イーロン・マスクが米宇宙政策に影響力、NASA改革とSpaceX優遇で安全保障にも波及へ
今年9月、マスク氏はSpaceXなら2年以内にStarship 5機を火星に送り込み、その4年後には有人火星ミッションを実行に移せると発言した。もし、それが可能ならばゲートウェイやSLSの必要性は薄れてしまう。ただし、マスク氏の発言に対して業界の専門家の多くは、常識的に考えて「そのスケジュールは到底実現不可能だ」との見方を示している。 マスク氏がSLSの計画を完全に中止させるのは難しいとの見方もある。SLSのプログラムは、その開発を担っているマーシャル宇宙飛行センターのあるアラバマ州をはじめ、フロリダ州、テキサス州で6万人以上の雇用を生み出しており、計画を中止するとなると各州選出の共和党議員からの強い反発が考えられるという。
ただ、マスク氏が政権に深く関わることにより、Starshipの開発ペースを高めるような予算の融通や規制の緩和が行われる可能性はある。

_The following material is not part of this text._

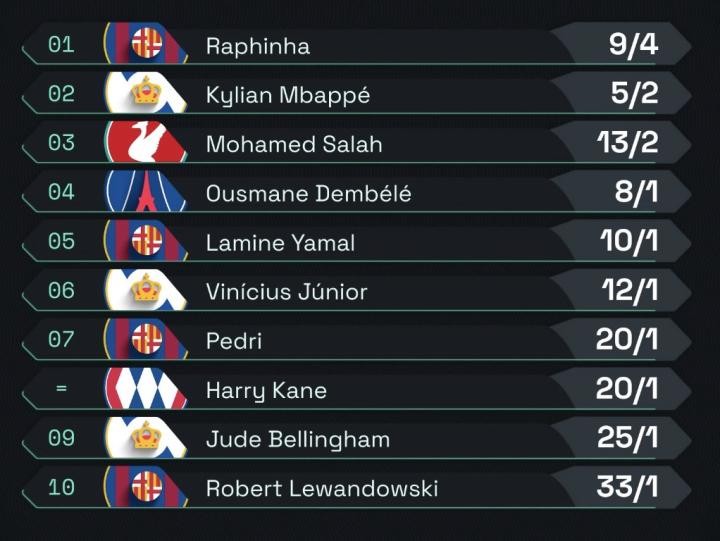 随着国际比赛日的到来,Squawka 更新了金球奖赔率。其中,拉菲尼亚领跑,姆巴佩、萨拉赫前三。

これまで、Starshipの飛行試験の前後には、マスク氏が「余計な環境分析」と呼ぶ連邦航空局(FAA)の調査が行われることが多く、そのためにSpaceXは何週間も作業を中断させられていた(ただし過去のStarshipの飛行試験では機体の爆発や、周辺一帯への何らかの灰のような粒状の物質の降下など、FAAが調査すべき問題が発生していたことも事実だ)が、それらを簡略化または回避するように働きかけることも考えられなくはない。
前のトランプ政権下でNASAの有人探査部門を率いていたこともある宇宙産業コンサルタントのダグ・ロバーロ氏は、新政権のもとでは「少なくとも、より現実的な火星への計画が立てられ、そこへの到達が目標として設定されることになるだろう」と述べている。 惑星協会(Planetary Society)のエリザベス・ケーンク氏は、今後4年間は、宇宙開発全体にとっては良い年になるかもしれないが、NASAにとっては悪い年になるだろうと述べた。